I’m off to a schmooze luncheon in 15 minutes, so this is a 15-minute speed blog.
Yesterday or the day before, so I heard, the anti-psychiatry crowd had their usual demonstration outside the APA annual meeting. Any time I’ve seen their demos, they are always carrying placards that say, “Psychiatry Kills” and other nonsense. Significantly, they never come inside, where they actually might learn something.
Here’s what they could have learned:
Believe it or not, the anti-psychiatry people could have picked up a lot of evidence in support of many of their positions. One look inside the exhibit hall at all the pharm company exhibits provides more than ample evidence of moneychangers in the
Buried away in the nooks and crannies between the massive pharm displays was a man handing out “No Free Lunch” brochures. “Just say No to Drug Reps” ran the heading.
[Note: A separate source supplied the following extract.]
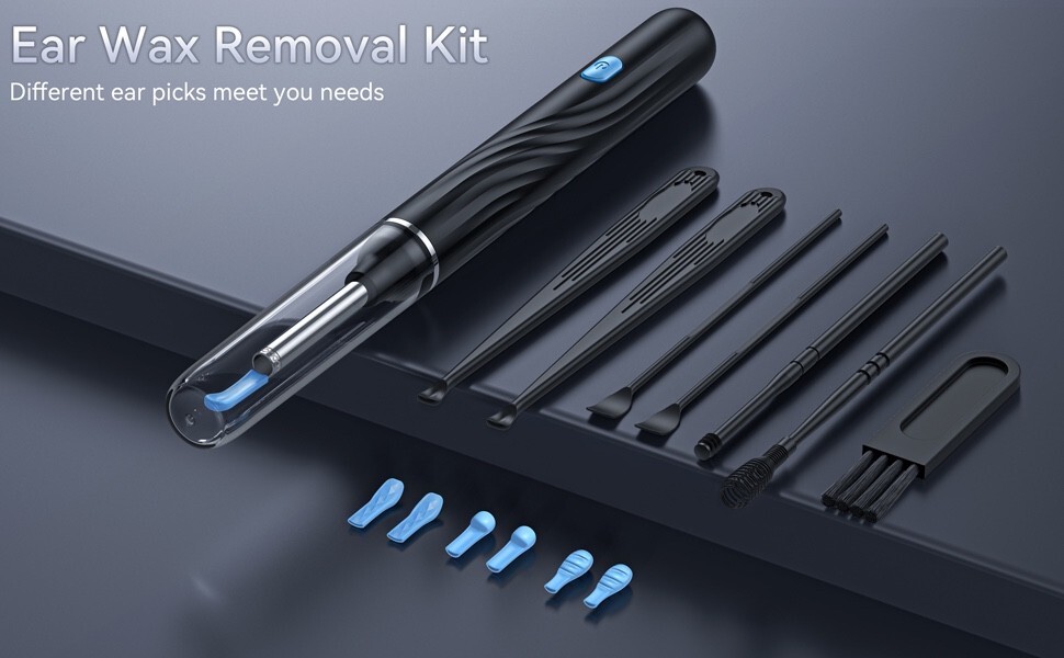 ?Earwax Removal Kit Contains?: 1080P HD Ear Cleaner with Camera*1, Dust Cover*1, Removable metal Ear Spoon*1, Silicone Ear Spoon Covers*6, Silicone Ear Spoon Cover Storage Bottle*1, Traditional Ear Care Kits*5, Cleaning Brush*1, Charging Cable*1, Instruction Manual*1

Ten doctors had signed his petition taking the “Just Say No” pledge.
“There’s more docs lining up at one of the booths to collect personally-engraved memory sticks,” I sympathetically said to the guy. But he gamely replied that he has ten more people than yesterday.
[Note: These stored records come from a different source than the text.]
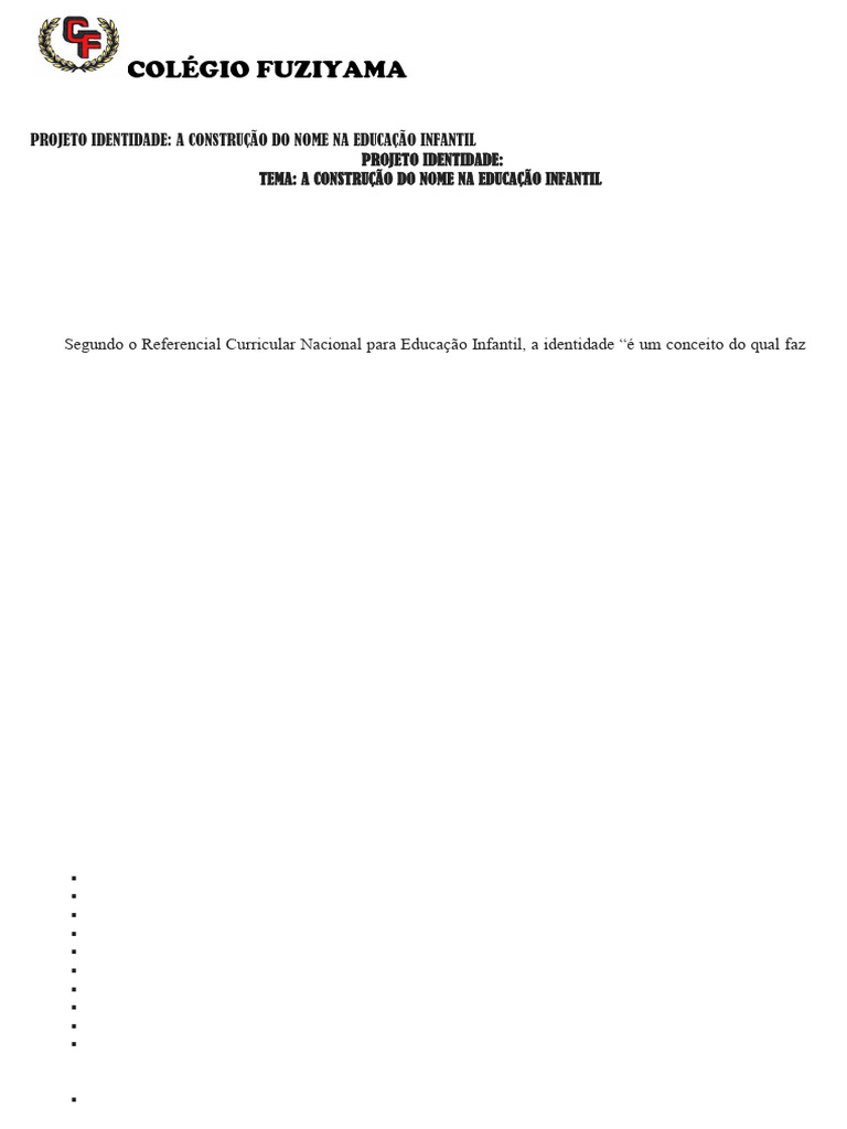 PROJETO IDENTIDADE: A CONSTRUÇÃO DO NOME NA EDUCAÇÃO INFANTIL
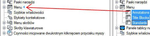 W edytorze Dostosuj interfejs użytkownika (CUI), na karcie Przenoszenie, w lewym panelu kliknij przycisk Otwórz plik adaptacji.
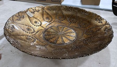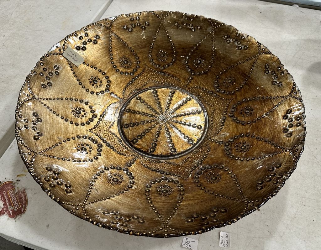 Large Glass Center Piece Bowl, Location Back Metal Shelves Large Glass Center Piece Bowl, Location Back Metal Shelves
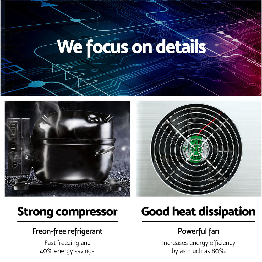 Need ice cubes on demand fast and without the hassle of driving to the nearest servo or supermarket to get some? Well your wish has just come true with our Ice Maker. It can make 9 bullet-shaped ice every 8 minutes depending on the water and ambient temperatures. That works out to be up to 12kg on demand over a 24-hour period. Just fill up with water and turn on using the easy-to-use LED digital control panel to begin the ice-making process. You can easily monitor the ice-making process through the viewing window and there is an automatic indication when the ice container is full, or water level is low. Other great features include a large heat dissipation fan for excellent cooling, convenient water drainage plug and non-slip feet for a stable operation. Not least, the ensemble works ever-so-quietly and complies with current Australian standards. Perfect for commercial use at cafes and restaurants, and home use too for parties or even an emergency ice massage.

Gotta admire someone like that.
This morning, at a breakfast symposium, Holly Swartz MD of the University of Pittsburgh, in a talk on psychotherapy for bipolar, presented a case study of a patient not responding too well to meds, with clear worries regarding family and ability to continue with her graduate studies.
She presented four options. Three involved adding or increasing meds doses. One involved initiating psychotherapy with the meds. The audience responded via portable electronic keypads. “This is a slam dunk,” the psychiatrist next to me commented.
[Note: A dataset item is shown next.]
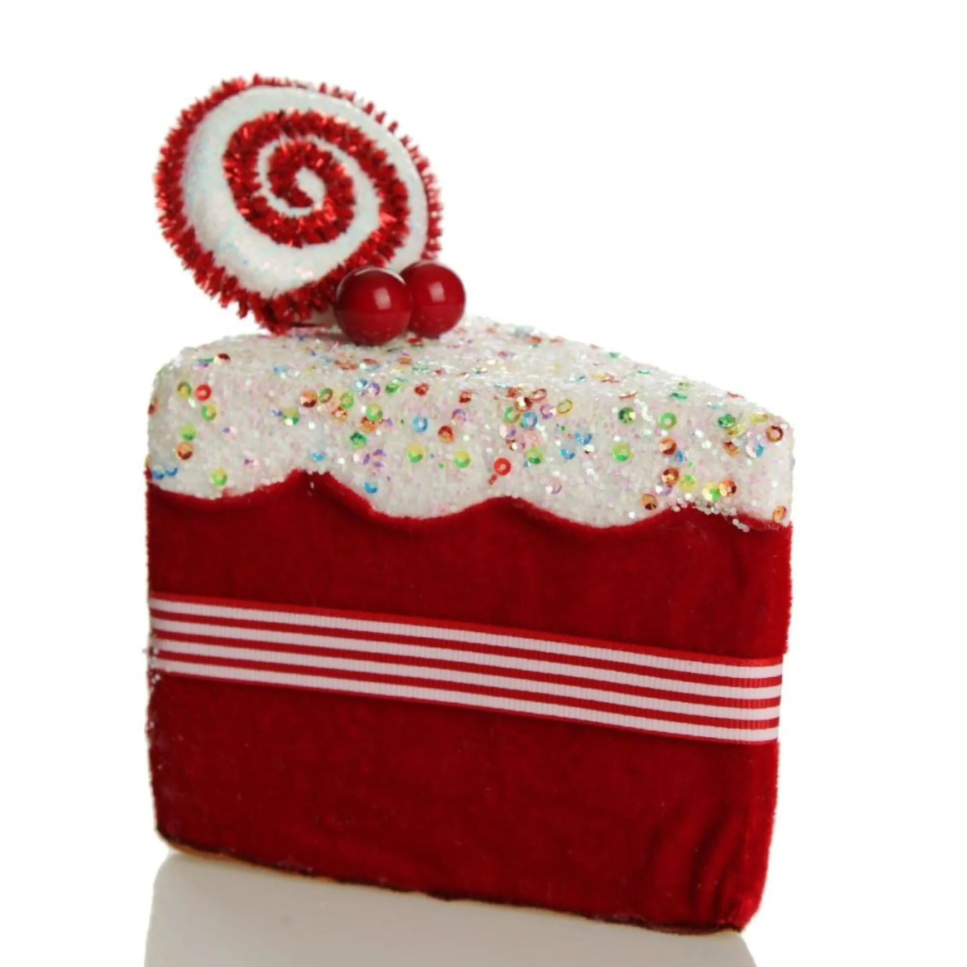 Made From A Light Yet Durable Polystyrene Base Covered With Rich Red Velvet, This Cake Slice Features Gorgeous White Glitter And Sequined Frosting, And Is Adorned With A Peppermint Swirl, Red Berries, And Striped Ribbon.

Fifty-two percent of the psychiatrists chose the meds options. Only 48 percent chose the psychotherapy option.
Knock me over with a feather. Are psychiatrists really that dense? The psychiatrist next to me informed me that five years ago, probably only five to ten percent would have responded with the psychotherapy option. We have a long way to go.
I just came back from a brain science lecture by Ronald Duman PhD of Yale. Dr Duman has been at the forefront of studies involving cell growth in various areas of the brain. Stress can kill neurons or cause them to atrophy. Antidepressants and exercise can reverse this process. Dr Duman and his colleagues have mapped out some of the biochemical processes.
This is exciting stuff, and is changing the way we think regarding mental illness.
On the way back to the press room, I popped into a poster session, and got to talk to a brain scientist on the fine points of the mitochondria. Apparently, there could be a link between how the mitochondria generates cellular energy and how this may impact on a range of mental illnesses.